* _TRY IT_:
After locating the line that holds "2.鮑魚原罐煲6小時,開罐將鮑魚上碟,留鮑汁。西蘭花以鹽水灼熟。", copy that line and all that follow it word for word through the end of the data, with no pictures.

-- TASK MATERIAL follows --

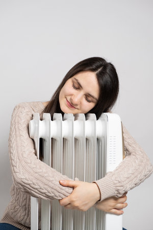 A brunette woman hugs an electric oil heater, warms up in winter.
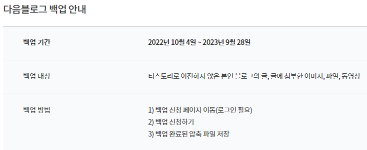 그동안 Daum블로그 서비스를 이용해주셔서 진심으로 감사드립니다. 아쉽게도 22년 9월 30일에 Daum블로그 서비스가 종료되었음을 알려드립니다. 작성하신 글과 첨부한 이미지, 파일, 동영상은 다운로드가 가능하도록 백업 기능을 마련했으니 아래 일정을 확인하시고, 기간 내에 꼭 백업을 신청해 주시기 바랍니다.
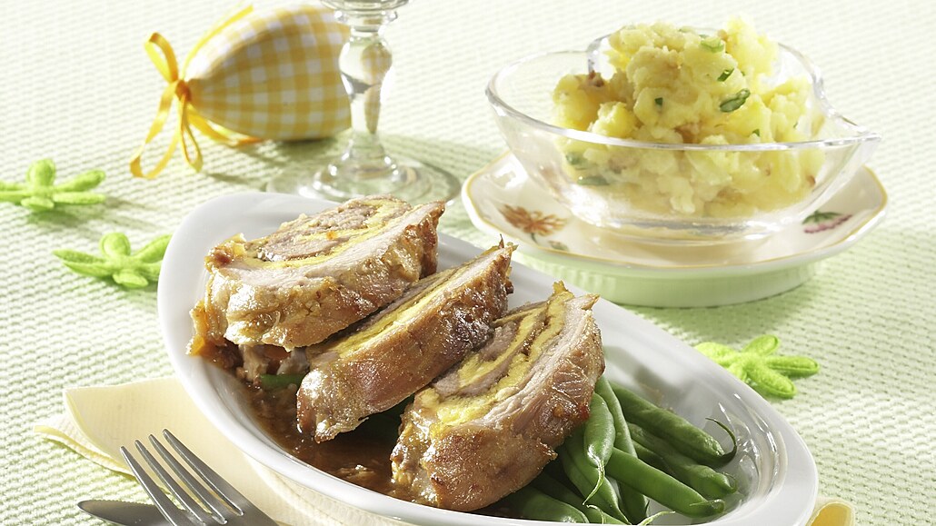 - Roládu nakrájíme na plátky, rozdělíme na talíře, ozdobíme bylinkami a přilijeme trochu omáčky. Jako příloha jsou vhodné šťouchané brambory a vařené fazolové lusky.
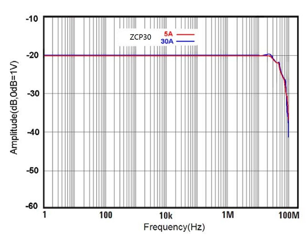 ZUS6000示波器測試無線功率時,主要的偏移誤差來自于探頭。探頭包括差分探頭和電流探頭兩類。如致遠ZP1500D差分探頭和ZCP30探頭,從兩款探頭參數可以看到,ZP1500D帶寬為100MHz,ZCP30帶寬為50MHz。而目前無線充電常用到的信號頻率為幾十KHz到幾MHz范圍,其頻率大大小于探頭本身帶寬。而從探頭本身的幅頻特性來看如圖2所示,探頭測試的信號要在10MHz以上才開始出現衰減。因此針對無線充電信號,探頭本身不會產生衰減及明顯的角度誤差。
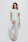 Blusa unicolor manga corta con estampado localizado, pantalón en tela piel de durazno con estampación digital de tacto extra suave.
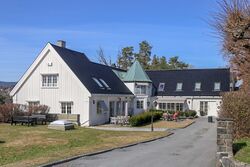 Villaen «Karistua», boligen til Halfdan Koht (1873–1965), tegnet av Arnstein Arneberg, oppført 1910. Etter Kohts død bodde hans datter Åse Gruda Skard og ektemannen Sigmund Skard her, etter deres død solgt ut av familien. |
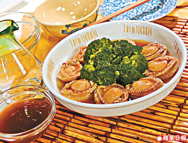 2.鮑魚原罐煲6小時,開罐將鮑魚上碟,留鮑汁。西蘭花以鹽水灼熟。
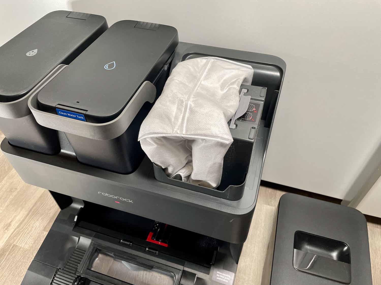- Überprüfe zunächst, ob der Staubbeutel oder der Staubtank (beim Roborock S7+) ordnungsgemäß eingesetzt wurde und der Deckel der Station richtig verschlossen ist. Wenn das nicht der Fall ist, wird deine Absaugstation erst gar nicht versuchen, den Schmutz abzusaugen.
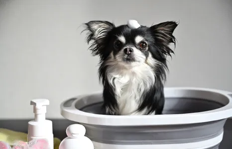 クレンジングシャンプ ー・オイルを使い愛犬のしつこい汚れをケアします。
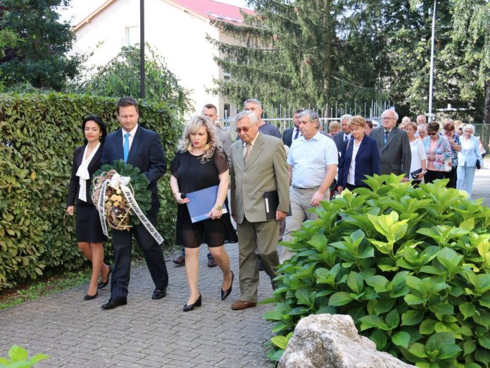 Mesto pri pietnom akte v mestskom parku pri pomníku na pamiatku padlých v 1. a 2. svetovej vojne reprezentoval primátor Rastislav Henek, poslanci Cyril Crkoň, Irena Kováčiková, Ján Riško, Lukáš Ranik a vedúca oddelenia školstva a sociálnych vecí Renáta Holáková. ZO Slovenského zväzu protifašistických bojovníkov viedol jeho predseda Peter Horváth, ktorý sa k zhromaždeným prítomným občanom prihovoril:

-- TASK MATERIAL concluded --

* _ANSWER BOX_:
 2.鮑魚原罐煲6小時,開罐將鮑魚上碟,留鮑汁。西蘭花以鹽水灼熟。
- Überprüfe zunächst, ob der Staubbeutel oder der Staubtank (beim Roborock S7+) ordnungsgemäß eingesetzt wurde und der Deckel der Station richtig verschlossen ist. Wenn das nicht der Fall ist, wird deine Absaugstation erst gar nicht versuchen, den Schmutz abzusaugen.
 クレンジングシャンプ ー・オイルを使い愛犬のしつこい汚れをケアします。
 Mesto pri pietnom akte v mestskom parku pri pomníku na pamiatku padlých v 1. a 2. svetovej vojne reprezentoval primátor Rastislav Henek, poslanci Cyril Crkoň, Irena Kováčiková, Ján Riško, Lukáš Ranik a vedúca oddelenia školstva a sociálnych vecí Renáta Holáková. ZO Slovenského zväzu protifašistických bojovníkov viedol jeho predseda Peter Horváth, ktorý sa k zhromaždeným prítomným občanom prihovoril:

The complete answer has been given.